## Records
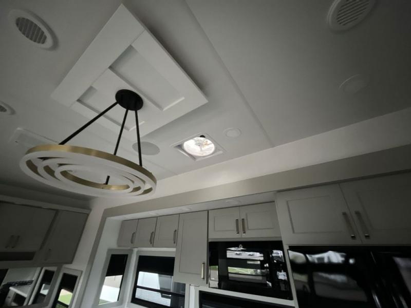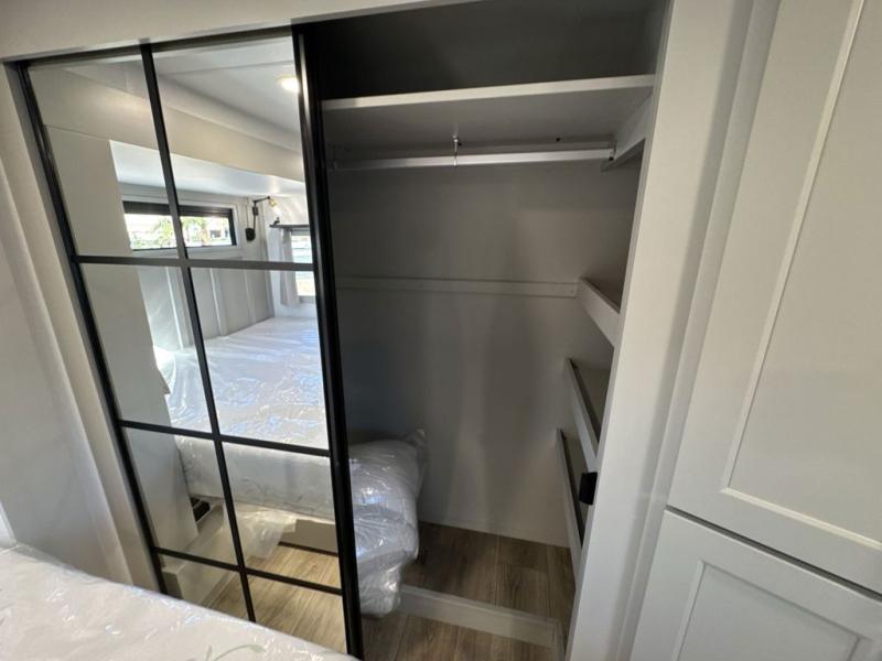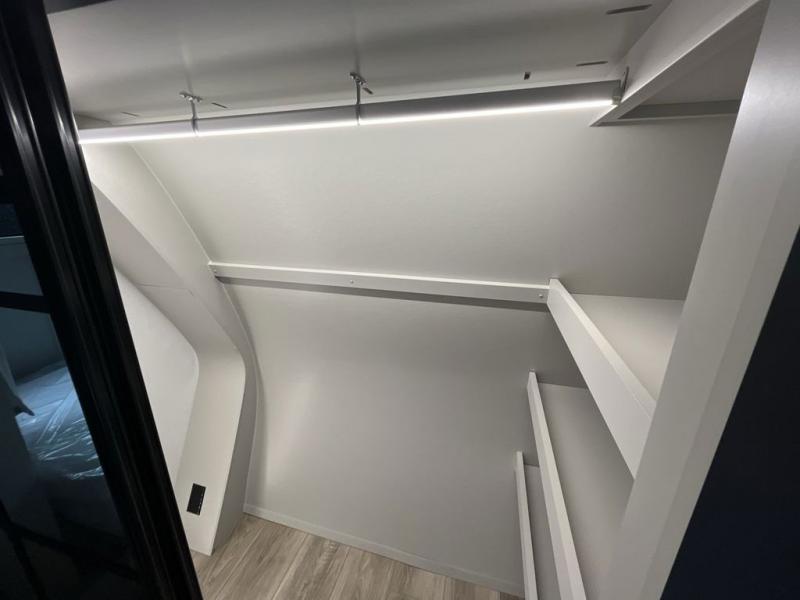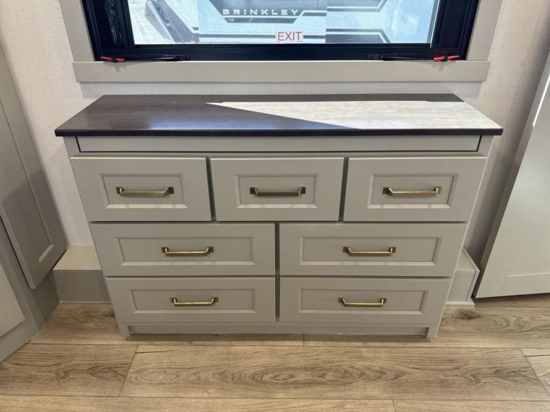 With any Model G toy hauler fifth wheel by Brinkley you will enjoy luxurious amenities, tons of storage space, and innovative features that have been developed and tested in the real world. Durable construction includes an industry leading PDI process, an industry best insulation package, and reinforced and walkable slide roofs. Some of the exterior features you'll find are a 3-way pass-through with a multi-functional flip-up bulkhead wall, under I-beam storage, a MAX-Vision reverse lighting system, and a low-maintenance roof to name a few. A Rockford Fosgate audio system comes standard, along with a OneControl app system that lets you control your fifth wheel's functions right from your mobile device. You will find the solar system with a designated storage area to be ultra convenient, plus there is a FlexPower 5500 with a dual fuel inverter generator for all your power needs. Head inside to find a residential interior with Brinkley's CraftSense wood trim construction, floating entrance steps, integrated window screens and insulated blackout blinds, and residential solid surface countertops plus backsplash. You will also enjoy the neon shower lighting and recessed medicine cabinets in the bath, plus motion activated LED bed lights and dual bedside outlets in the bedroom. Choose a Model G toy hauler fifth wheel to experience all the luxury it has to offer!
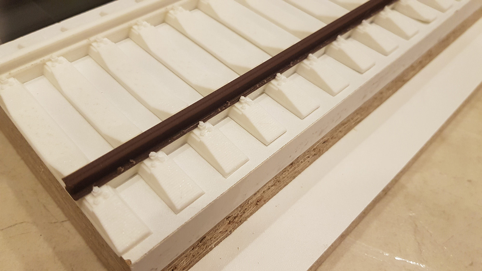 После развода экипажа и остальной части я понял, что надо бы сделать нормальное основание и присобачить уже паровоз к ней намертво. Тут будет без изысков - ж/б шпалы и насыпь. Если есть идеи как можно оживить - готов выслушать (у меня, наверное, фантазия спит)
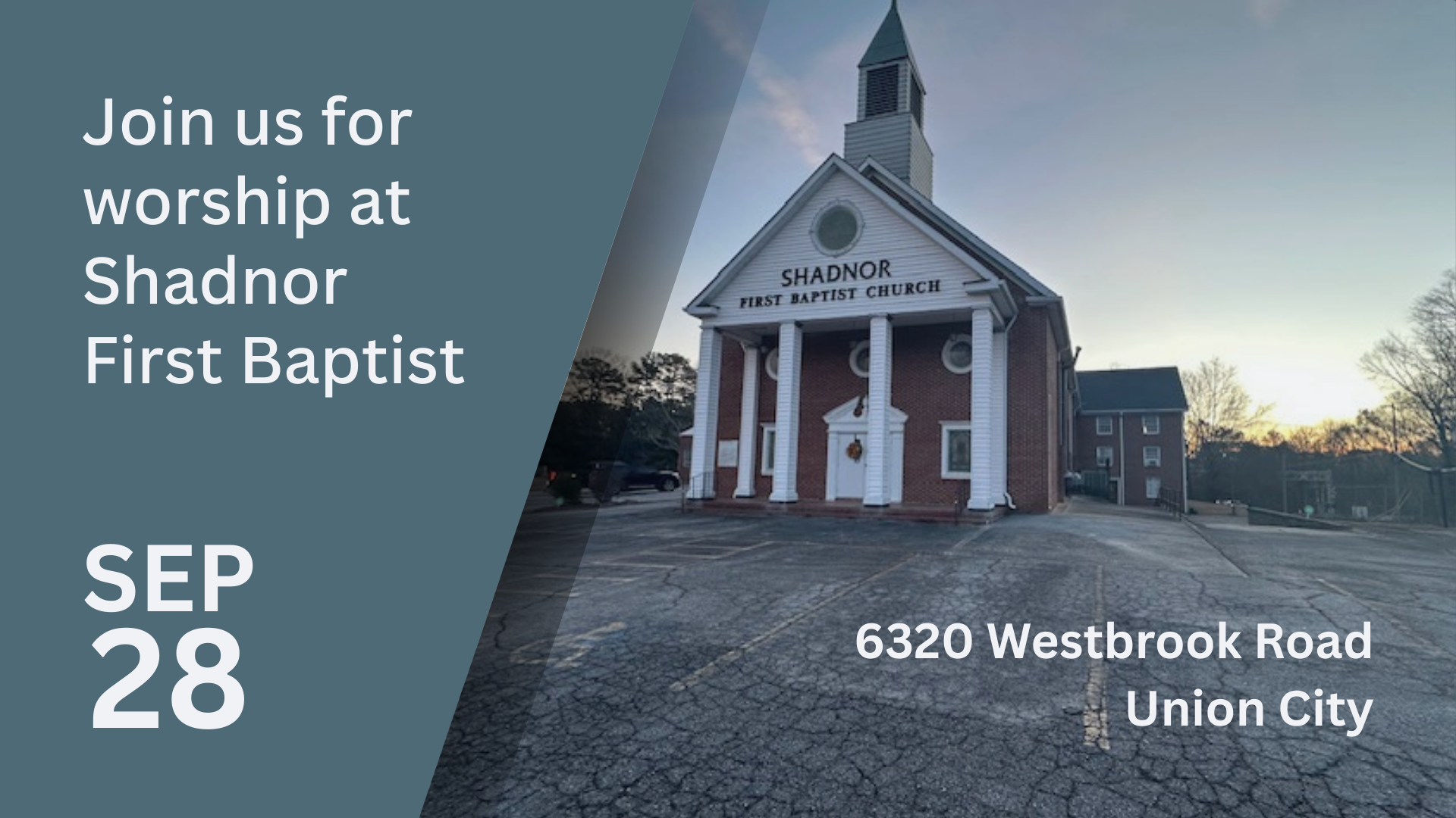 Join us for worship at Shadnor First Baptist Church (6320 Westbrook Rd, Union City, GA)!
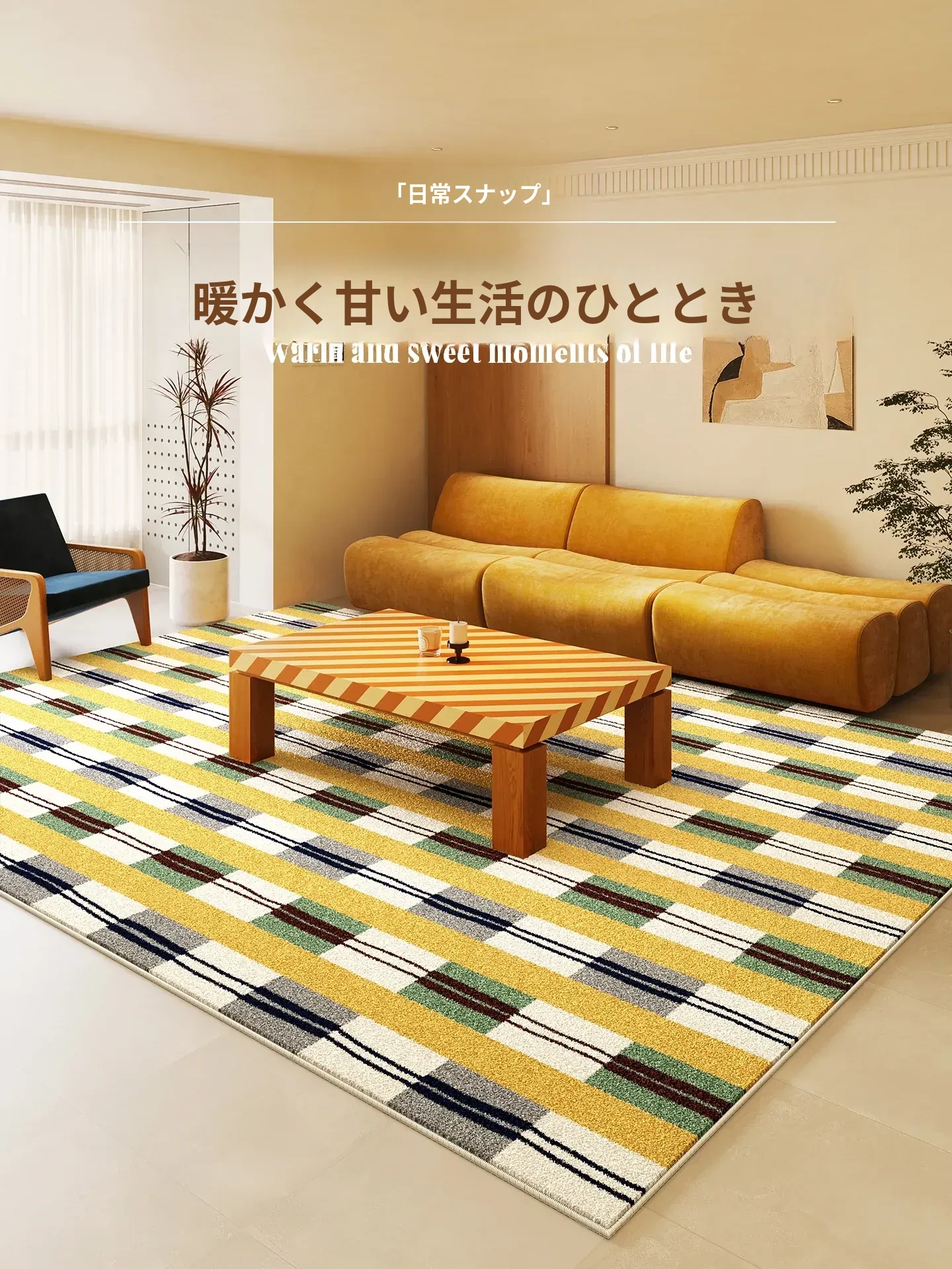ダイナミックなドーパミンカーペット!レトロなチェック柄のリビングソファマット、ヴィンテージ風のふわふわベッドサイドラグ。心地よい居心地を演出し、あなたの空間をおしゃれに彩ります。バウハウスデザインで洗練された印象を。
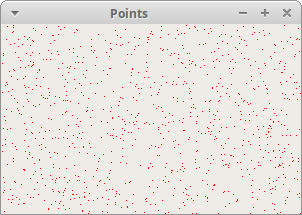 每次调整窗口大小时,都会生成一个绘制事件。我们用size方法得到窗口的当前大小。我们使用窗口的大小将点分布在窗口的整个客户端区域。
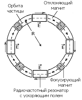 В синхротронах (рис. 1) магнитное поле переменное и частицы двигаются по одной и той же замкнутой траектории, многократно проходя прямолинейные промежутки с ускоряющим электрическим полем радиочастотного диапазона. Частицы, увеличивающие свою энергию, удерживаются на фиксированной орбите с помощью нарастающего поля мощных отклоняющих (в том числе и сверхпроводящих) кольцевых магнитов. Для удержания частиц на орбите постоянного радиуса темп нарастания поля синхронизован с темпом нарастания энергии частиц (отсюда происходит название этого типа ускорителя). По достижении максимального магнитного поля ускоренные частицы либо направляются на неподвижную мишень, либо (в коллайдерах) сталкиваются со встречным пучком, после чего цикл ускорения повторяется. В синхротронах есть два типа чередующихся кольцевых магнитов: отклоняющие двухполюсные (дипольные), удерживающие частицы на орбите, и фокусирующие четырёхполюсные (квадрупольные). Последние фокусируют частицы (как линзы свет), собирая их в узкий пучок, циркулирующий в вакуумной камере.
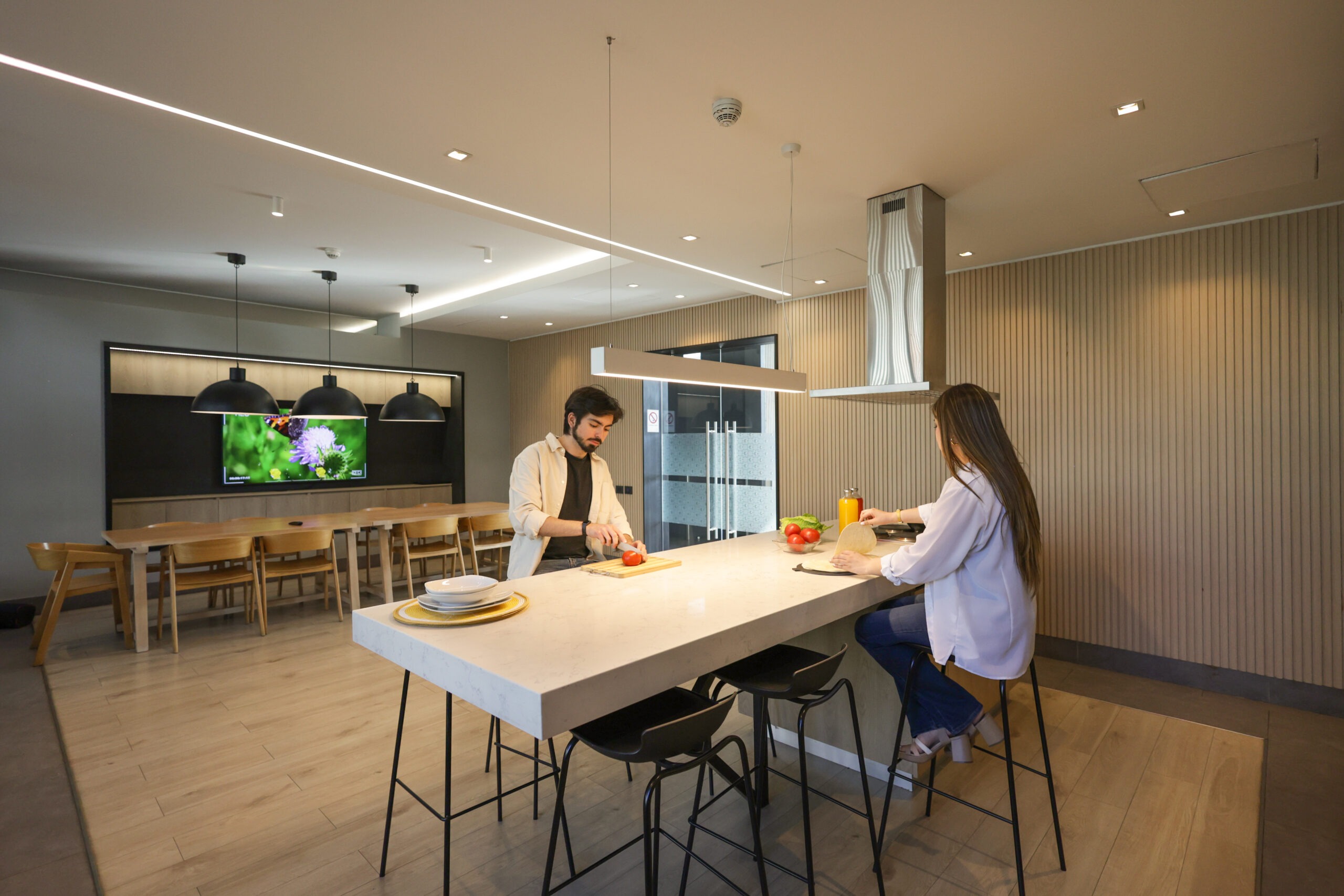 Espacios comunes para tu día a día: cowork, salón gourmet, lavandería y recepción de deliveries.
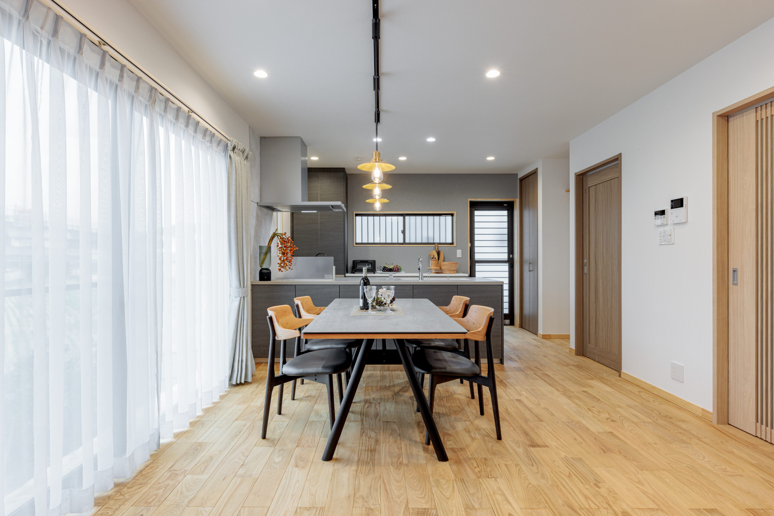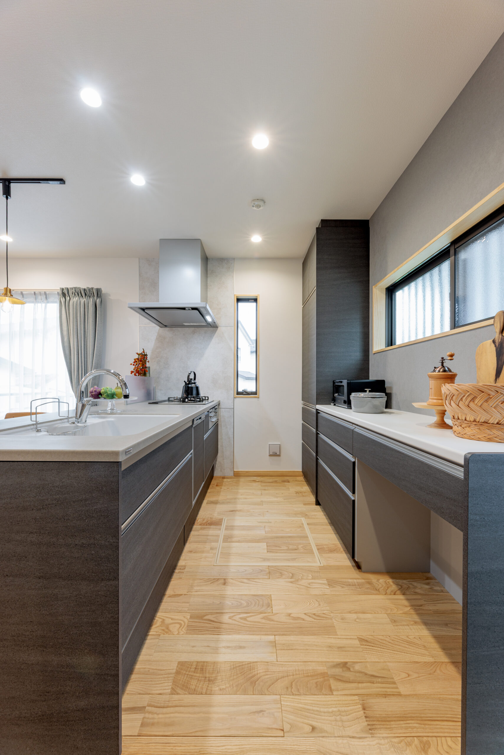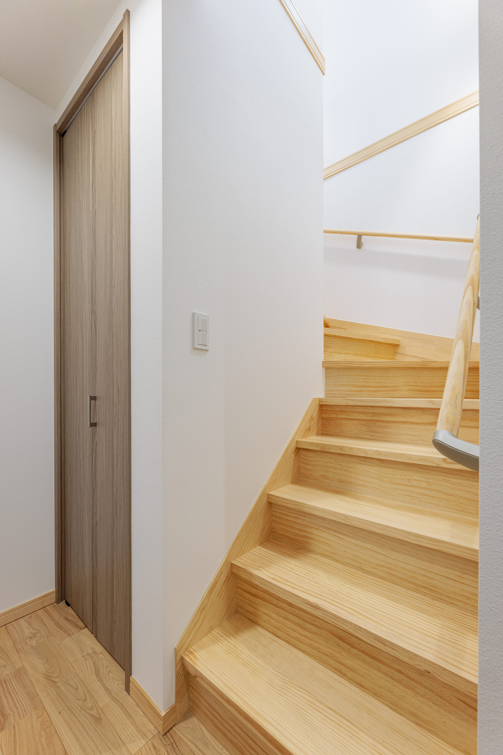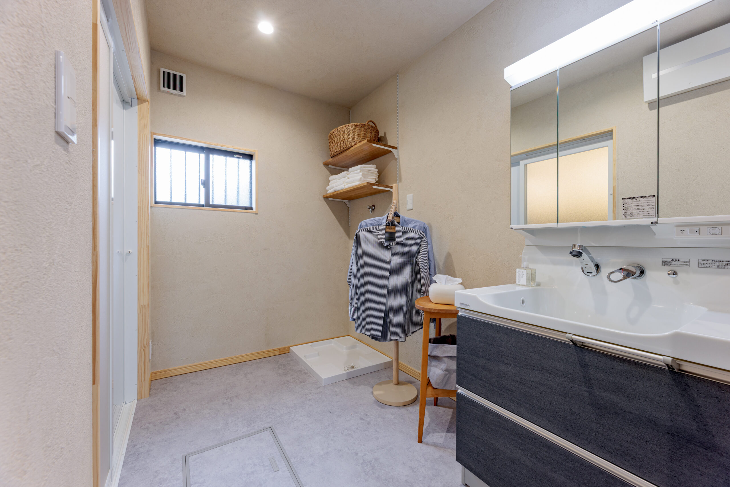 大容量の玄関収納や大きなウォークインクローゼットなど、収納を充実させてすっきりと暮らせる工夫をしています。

## Work to be completed
Beginning with the line above that contains "После развода экипажа" and ending with the line that contains "每次调整窗口大小时,都会生成", quote each line exactly, keeping out the pictures.

## Answer area
 После развода экипажа и остальной части я понял, что надо бы сделать нормальное основание и присобачить уже паровоз к ней намертво. Тут будет без изысков - ж/б шпалы и насыпь. Если есть идеи как можно оживить - готов выслушать (у меня, наверное, фантазия спит)
 Join us for worship at Shadnor First Baptist Church (6320 Westbrook Rd, Union City, GA)!
ダイナミックなドーパミンカーペット!レトロなチェック柄のリビングソファマット、ヴィンテージ風のふわふわベッドサイドラグ。心地よい居心地を演出し、あなたの空間をおしゃれに彩ります。バウハウスデザインで洗練された印象を。
 每次调整窗口大小时,都会生成一个绘制事件。我们用size方法得到窗口的当前大小。我们使用窗口的大小将点分布在窗口的整个客户端区域。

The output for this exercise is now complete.